PROBLEM ▸ Give back exactly the lines of the material below, starting with the line with "VASTRAMAY Men's Multicolor" and going on through the line with "This section describes".

=== EXERCISE MATERIALS ===

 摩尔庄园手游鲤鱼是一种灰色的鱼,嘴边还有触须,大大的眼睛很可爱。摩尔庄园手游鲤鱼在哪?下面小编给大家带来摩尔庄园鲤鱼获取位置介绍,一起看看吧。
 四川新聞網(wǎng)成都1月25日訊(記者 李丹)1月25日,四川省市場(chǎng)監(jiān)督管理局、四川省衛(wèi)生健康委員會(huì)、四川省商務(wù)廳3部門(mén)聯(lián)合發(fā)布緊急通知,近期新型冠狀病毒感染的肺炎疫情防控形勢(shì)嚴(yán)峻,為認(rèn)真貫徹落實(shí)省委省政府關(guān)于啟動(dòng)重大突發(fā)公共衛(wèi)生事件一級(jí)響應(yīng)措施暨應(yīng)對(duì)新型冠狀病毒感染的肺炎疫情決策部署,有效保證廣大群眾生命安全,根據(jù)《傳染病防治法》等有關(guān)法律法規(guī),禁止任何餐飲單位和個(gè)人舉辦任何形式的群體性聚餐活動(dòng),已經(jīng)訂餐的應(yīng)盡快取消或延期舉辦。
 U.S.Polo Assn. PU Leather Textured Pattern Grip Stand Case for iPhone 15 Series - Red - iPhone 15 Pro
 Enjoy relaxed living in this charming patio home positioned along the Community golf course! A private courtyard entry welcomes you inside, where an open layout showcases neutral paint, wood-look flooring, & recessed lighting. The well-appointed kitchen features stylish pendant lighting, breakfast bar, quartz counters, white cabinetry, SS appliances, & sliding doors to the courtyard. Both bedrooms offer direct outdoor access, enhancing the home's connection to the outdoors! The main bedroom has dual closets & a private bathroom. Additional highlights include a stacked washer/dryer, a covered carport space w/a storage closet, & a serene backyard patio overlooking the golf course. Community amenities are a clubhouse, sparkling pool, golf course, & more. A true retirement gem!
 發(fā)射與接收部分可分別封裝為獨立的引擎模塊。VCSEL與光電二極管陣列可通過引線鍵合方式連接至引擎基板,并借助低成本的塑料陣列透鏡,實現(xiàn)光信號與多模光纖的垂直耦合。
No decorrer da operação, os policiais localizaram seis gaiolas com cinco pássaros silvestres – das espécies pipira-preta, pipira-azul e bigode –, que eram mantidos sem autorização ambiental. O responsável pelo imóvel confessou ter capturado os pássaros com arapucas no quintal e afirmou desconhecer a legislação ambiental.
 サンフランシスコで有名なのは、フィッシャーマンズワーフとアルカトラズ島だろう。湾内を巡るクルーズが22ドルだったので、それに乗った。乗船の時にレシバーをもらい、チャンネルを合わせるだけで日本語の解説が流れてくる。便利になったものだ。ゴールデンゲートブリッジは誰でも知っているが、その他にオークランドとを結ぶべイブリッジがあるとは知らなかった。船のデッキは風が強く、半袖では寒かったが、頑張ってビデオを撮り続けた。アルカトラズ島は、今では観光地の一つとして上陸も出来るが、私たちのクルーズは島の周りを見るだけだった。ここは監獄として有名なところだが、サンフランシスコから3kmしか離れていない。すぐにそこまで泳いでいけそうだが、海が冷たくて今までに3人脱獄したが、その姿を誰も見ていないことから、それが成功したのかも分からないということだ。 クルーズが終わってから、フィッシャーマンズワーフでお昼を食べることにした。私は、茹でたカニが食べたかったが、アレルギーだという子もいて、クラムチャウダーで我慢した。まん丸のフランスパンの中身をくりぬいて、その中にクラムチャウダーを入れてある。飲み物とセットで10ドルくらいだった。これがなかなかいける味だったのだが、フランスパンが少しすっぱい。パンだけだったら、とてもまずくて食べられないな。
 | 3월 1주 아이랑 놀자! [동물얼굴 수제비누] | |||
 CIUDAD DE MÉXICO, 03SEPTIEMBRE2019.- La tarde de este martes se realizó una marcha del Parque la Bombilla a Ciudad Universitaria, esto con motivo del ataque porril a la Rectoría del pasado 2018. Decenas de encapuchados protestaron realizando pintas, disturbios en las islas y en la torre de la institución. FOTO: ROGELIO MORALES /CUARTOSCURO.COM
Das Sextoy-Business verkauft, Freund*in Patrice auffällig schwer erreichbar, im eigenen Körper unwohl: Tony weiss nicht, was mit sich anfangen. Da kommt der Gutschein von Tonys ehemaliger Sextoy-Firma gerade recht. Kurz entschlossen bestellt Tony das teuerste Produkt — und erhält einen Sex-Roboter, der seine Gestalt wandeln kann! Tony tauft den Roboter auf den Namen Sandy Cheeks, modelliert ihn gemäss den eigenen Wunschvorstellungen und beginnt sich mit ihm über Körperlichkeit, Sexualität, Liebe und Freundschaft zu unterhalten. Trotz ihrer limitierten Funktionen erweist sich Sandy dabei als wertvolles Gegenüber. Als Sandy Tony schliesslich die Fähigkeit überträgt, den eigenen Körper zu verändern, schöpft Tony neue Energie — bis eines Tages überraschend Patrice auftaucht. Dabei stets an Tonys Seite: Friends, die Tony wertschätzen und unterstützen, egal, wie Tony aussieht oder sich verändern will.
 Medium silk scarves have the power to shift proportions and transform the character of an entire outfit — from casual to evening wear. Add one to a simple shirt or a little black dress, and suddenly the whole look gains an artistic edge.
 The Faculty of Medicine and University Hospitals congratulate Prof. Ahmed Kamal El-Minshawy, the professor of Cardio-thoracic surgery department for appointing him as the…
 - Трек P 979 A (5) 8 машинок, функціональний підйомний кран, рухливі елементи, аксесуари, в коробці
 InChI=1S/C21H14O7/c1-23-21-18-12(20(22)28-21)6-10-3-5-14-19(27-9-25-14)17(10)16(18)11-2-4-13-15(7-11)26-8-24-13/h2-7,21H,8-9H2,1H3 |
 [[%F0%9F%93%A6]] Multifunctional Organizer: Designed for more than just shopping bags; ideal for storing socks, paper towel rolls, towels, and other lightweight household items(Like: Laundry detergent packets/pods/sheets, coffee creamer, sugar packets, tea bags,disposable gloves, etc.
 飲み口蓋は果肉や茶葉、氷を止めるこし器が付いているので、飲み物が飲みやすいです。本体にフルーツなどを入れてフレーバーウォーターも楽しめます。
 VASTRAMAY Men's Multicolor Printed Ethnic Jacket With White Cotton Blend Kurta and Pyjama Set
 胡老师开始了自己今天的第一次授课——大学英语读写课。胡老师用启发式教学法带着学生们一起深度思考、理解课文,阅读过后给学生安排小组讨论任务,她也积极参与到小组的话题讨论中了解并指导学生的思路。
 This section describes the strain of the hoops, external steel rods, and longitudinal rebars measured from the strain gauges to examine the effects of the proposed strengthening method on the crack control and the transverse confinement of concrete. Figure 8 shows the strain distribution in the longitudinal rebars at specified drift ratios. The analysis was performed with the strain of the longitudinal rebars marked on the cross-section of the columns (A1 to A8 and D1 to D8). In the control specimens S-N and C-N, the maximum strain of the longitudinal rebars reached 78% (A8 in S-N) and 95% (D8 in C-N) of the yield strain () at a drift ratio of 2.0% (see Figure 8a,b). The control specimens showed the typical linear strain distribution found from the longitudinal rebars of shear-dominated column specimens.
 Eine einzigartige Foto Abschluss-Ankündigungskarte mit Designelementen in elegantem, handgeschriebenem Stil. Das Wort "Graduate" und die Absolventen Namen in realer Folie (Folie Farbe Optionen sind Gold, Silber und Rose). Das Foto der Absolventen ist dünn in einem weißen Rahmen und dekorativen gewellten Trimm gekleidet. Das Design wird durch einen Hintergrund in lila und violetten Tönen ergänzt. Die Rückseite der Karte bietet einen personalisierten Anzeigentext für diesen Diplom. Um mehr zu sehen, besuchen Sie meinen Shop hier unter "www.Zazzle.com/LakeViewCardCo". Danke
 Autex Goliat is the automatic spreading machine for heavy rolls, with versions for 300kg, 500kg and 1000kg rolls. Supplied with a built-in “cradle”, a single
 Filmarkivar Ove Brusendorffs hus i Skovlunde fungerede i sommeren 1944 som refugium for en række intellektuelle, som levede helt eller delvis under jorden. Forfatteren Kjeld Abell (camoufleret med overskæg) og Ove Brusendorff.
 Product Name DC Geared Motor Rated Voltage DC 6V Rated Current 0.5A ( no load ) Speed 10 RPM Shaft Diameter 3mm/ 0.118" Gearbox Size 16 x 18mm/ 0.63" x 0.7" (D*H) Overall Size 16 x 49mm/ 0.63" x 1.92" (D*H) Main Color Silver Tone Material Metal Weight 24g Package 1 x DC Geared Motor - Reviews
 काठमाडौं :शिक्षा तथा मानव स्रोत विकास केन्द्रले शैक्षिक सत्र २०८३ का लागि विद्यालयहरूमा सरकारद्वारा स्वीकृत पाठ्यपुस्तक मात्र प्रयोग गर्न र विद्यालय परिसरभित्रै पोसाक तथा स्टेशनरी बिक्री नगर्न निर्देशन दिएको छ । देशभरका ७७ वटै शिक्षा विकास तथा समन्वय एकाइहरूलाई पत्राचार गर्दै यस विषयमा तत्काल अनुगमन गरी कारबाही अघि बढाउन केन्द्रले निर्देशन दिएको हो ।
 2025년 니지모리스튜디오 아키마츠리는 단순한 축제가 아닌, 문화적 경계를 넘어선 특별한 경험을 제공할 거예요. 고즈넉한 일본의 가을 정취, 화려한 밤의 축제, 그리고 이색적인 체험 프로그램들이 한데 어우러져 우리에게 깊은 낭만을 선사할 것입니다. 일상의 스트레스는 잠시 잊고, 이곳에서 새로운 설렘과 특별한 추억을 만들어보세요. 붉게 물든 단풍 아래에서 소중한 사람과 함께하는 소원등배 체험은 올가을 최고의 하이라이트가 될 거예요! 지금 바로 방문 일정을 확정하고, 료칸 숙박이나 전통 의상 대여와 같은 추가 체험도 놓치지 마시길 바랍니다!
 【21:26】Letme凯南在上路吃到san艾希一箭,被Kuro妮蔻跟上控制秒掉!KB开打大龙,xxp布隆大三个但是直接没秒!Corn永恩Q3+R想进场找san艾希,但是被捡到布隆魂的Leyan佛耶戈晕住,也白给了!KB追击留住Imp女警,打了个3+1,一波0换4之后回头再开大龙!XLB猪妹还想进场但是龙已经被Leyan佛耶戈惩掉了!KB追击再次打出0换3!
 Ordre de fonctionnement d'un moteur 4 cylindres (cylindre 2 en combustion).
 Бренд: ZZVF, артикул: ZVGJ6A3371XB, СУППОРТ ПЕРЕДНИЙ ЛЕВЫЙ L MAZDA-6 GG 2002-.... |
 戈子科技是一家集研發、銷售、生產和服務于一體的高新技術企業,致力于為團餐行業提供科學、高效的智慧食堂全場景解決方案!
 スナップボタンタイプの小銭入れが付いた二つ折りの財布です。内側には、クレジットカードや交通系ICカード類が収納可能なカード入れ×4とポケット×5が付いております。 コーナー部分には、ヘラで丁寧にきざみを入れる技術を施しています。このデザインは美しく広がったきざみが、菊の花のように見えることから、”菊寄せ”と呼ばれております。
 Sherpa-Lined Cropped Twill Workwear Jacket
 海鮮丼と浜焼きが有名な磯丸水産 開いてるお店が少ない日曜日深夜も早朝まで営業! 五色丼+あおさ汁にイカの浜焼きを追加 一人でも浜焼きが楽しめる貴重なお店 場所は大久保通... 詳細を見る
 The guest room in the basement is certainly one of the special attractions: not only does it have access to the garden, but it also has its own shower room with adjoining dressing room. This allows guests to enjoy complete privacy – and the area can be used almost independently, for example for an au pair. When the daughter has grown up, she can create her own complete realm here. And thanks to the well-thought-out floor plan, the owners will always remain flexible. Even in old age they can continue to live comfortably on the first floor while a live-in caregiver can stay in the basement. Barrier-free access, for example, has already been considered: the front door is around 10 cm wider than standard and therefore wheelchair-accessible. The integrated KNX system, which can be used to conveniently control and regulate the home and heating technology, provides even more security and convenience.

===

ANSWER FOR THIS EXERCISE ▸
 VASTRAMAY Men's Multicolor Printed Ethnic Jacket With White Cotton Blend Kurta and Pyjama Set
 胡老师开始了自己今天的第一次授课——大学英语读写课。胡老师用启发式教学法带着学生们一起深度思考、理解课文,阅读过后给学生安排小组讨论任务,她也积极参与到小组的话题讨论中了解并指导学生的思路。
 This section describes the strain of the hoops, external steel rods, and longitudinal rebars measured from the strain gauges to examine the effects of the proposed strengthening method on the crack control and the transverse confinement of concrete. Figure 8 shows the strain distribution in the longitudinal rebars at specified drift ratios. The analysis was performed with the strain of the longitudinal rebars marked on the cross-section of the columns (A1 to A8 and D1 to D8). In the control specimens S-N and C-N, the maximum strain of the longitudinal rebars reached 78% (A8 in S-N) and 95% (D8 in C-N) of the yield strain () at a drift ratio of 2.0% (see Figure 8a,b). The control specimens showed the typical linear strain distribution found from the longitudinal rebars of shear-dominated column specimens.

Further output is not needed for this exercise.